Opinion: What the heck happened to Kentucky men’s basketball this season?

Blue did get in – to an extent both bizarre and depressing, even as it was anticipated.

Kentucky fans were sprinkled throughout all three levels of Bridgestone Arena for Thursday’s SEC Tournament game against Mississippi State, but theirs was a distant cry from the raucous Cat-ville this event knows.

On the court, though, was the real story. There, too, was a distant cry from the Wildcats that Big Blue Nation usually cheers into lengthy postseasons. Not so this time. After a listless start by UK, a spirited second-half comeback fell just short, and a 74-73 loss to the Bulldogs failed to scratch out one more day for a team hanging by the thread.

Kentucky exited with nine wins this season. A major shift, as none of John Calipari’s previous 11 teams at UK won fewer than 21.

Since 1991, only two NCAA Tournaments have proceeded without Big Blue. So missing out, especially after last year’s Big Dance was wiped out, will be a devastating blow in the Commonwealth.

What the heck happened this season in Lexington?

“You’ve got to win games and you’ve got to be tough and you’ve got to play winning basketball, not just basketball,” Calipari said. “… We were never able to get fully engaged in that.”

Blame Calipari. Blame his long-time, highly respected assistant Kenny Payne leaving for the New York Knicks. Blame fate. Blame the pandemic. Blame the small crowds.

Whatever the reason, another very talented Kentucky team happened to be very, very bad this season. The postmortem figures to be extensive.

Nationally, it’ll be further confirmation of an increasingly undeniable trend: The demise of the one-and-done era of college basketball success.

Didn’t just happen. The sport has been headed in this direction for a while. You go back, maybe, to 2017, when the FBI’s investigation into college hoops recruiting prompted calls for change, especially the NBA’s silly instance that players don’t enter directly from high school.

The one-and-done rule seemed doomed then. It hasn’t been technically, but the transition instead was organic, not because of suits in a boardroom but players in jerseys, some wearing them longer than others. Teams that can keep players on campus longer and out of the NBA have been benefiting ahead of those with revolving doors of top talent.

It’s difficult to plan to do that. It can be counterintuitive for coaches. I mean, who wouldn’t want to recruit the very best college prospects available?

But the evidence has become obvious. For the past decade and change, two programs have embodied the one-and-done approach more than others: Kentucky and Duke. Since 2015, neither Kentucky nor Duke – despite each having very good players — has reached a Final Four.

In 2020, SEC rivals Georgia, Auburn, Alabama and Vanderbilt each had a player drafted higher than Kentucky. The Wildcats have had only one player since 2016 selected in the first six picks of the NBA draft. From 2010-15, Kentucky had eight players taken in the top six, including No. 1 picks John Wall, Anthony Davis and Karl-Anthony Towns.
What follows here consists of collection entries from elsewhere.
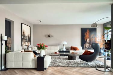 Aan de linkerkant de riante woonkamer in zand /beige tinten, met visgraat pvc-vloer, elektrische vouwgordijnen in zand kleur .Deze harmonieuze sfeer zet zich voort op het terras van 25 m2, voorzien van een kantelbaar lamellen dak. Deze overkapping creëert extra een gevoel van outdoor living en met het openen van de 3-delige schuifpui vergroot je dat zomers nog meer.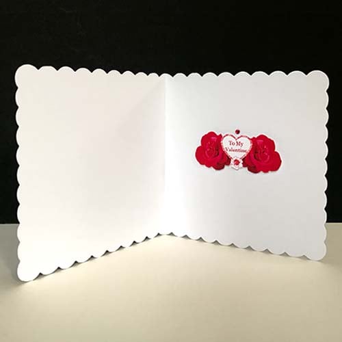 This beautiful card is a perfect Valentine’s Day card. Red Roses are always a favourite. A rich red central rose, photographed in my own garden, with patterned grasses and leaves it holds a decorative patterned heart. A pair of birds frame a smaller heart with the words ‘I Love You’. This uniquely designed scene is mounted on a white scalloped edge card embellished with red glass gems. Inside there are another two red roses framing a small heart saying ‘Happy Valentine’s Day’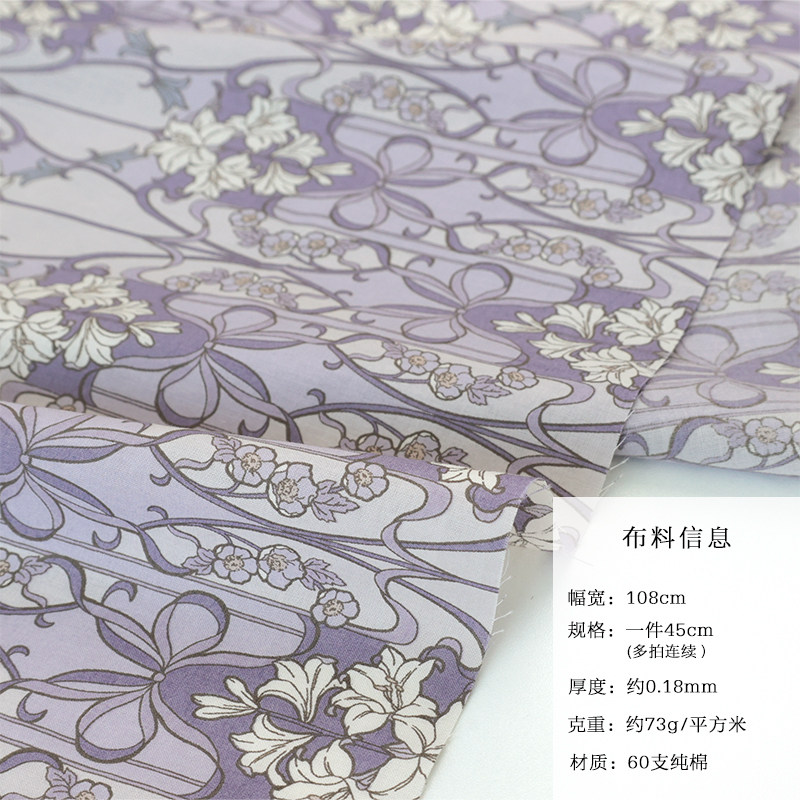 日本进口北高60支纯棉面料手工柔软舒适衬衫连衣裙服装布攀枝花卉
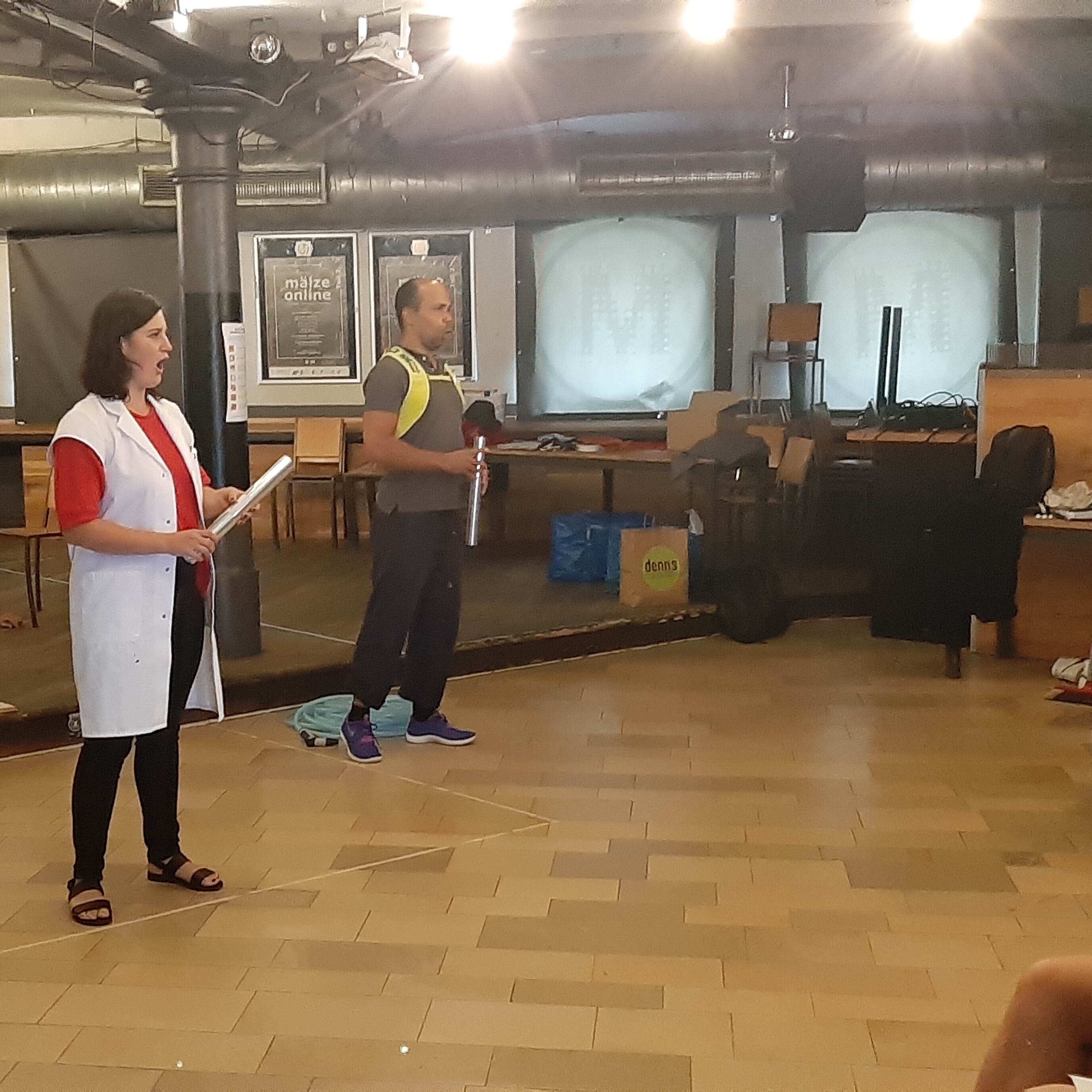 Zwei Szenen wurden während unseres Besuchs geprobt: der Prolog war als Ensemble konzipiert. Die Schülerinnen waren beeindruckt, wie harmonisch die Stimmen der Solisten zusammenklangen bei gleichzeitig so hoher Lautstärke und Textverständlichkeit. In einer zweiten Szene fanden sie sich in einem Streit zwischen Holzmännlein und Holzweiblein wieder. Mit der Mezzosopranistin Eva-Maria Summerer (Holzweiblein) diskutierten sie über die Gründe der Streitigkeiten und die Beziehung zwischen Holzweiblein und Holzmännlein.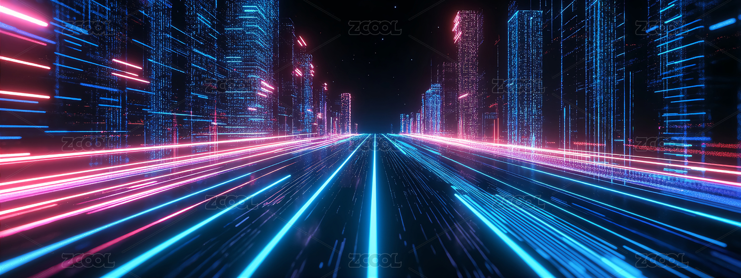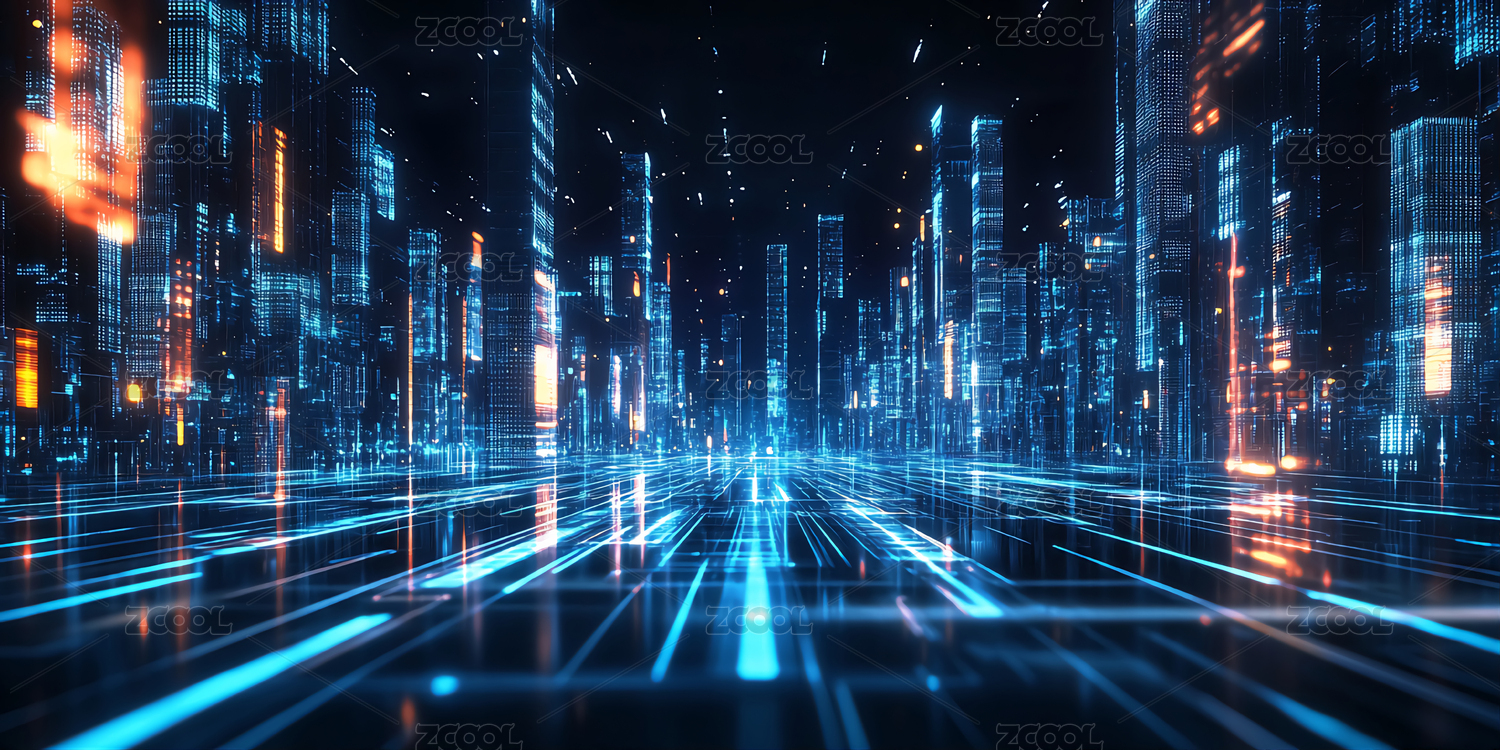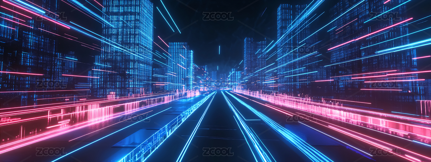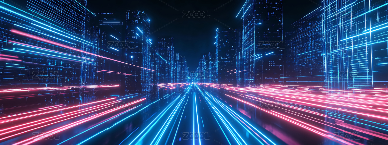 蓝色,红色,光线,未来,科技,数据,线路,建筑,灯光,城市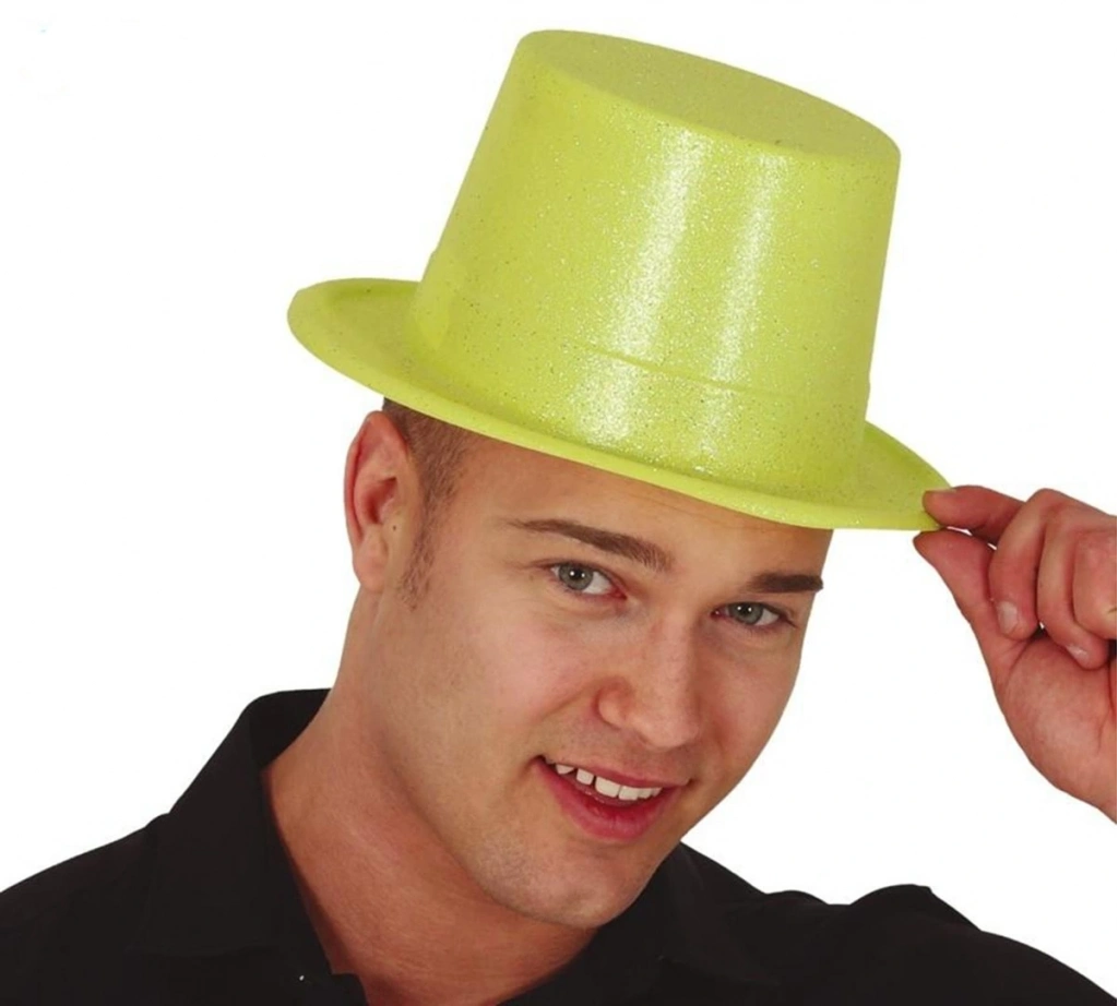 Floresan Sarı Renk Simli Uzun Fötr Melon Şapka 12 Cm

Those heady days bled into the culture of Kentucky’s more recent teams. Highly rated recruits arriving annually were almost compelled to go pro after one season, even if they shouldn’t. Either that or they were quick to transfer. Because that’s how it is at Kentucky. Staying too long carried a stigma, fair or not. It meant swallowing pride about your own ability, and you also risked getting recruited over, as a new crop of five-stars would diminish your minutes and your draft stock.

This was Calipari’s preference. He has boasted extensively over the years about NBA draft results. That’s smart in recruiting, but what of that being a perceived priority over Final Fours?

Few fanbases are as passionately devoted as Big Blue Nation, and the mercenary approach to team-building hasn’t been easy for Kentucky fans. They keep having to fall in love with brand new teams each year. Not a bad deal when you’re winning big, but now the Wildcats aren’t living up to their end of that.

That was underlined Thursday. Miserable as Kentucky’s team has been this season, its fans surely would have packed Bridgestone had the pandemic allowed. Instead, an oddly empty arena left Kentucky’s current players “cheated” in that “they didn’t get to experience it,” Calipari said.

“But I’ll say this,” he added, “they could have taken better advantage of the opportunity that was here, playing-wise.”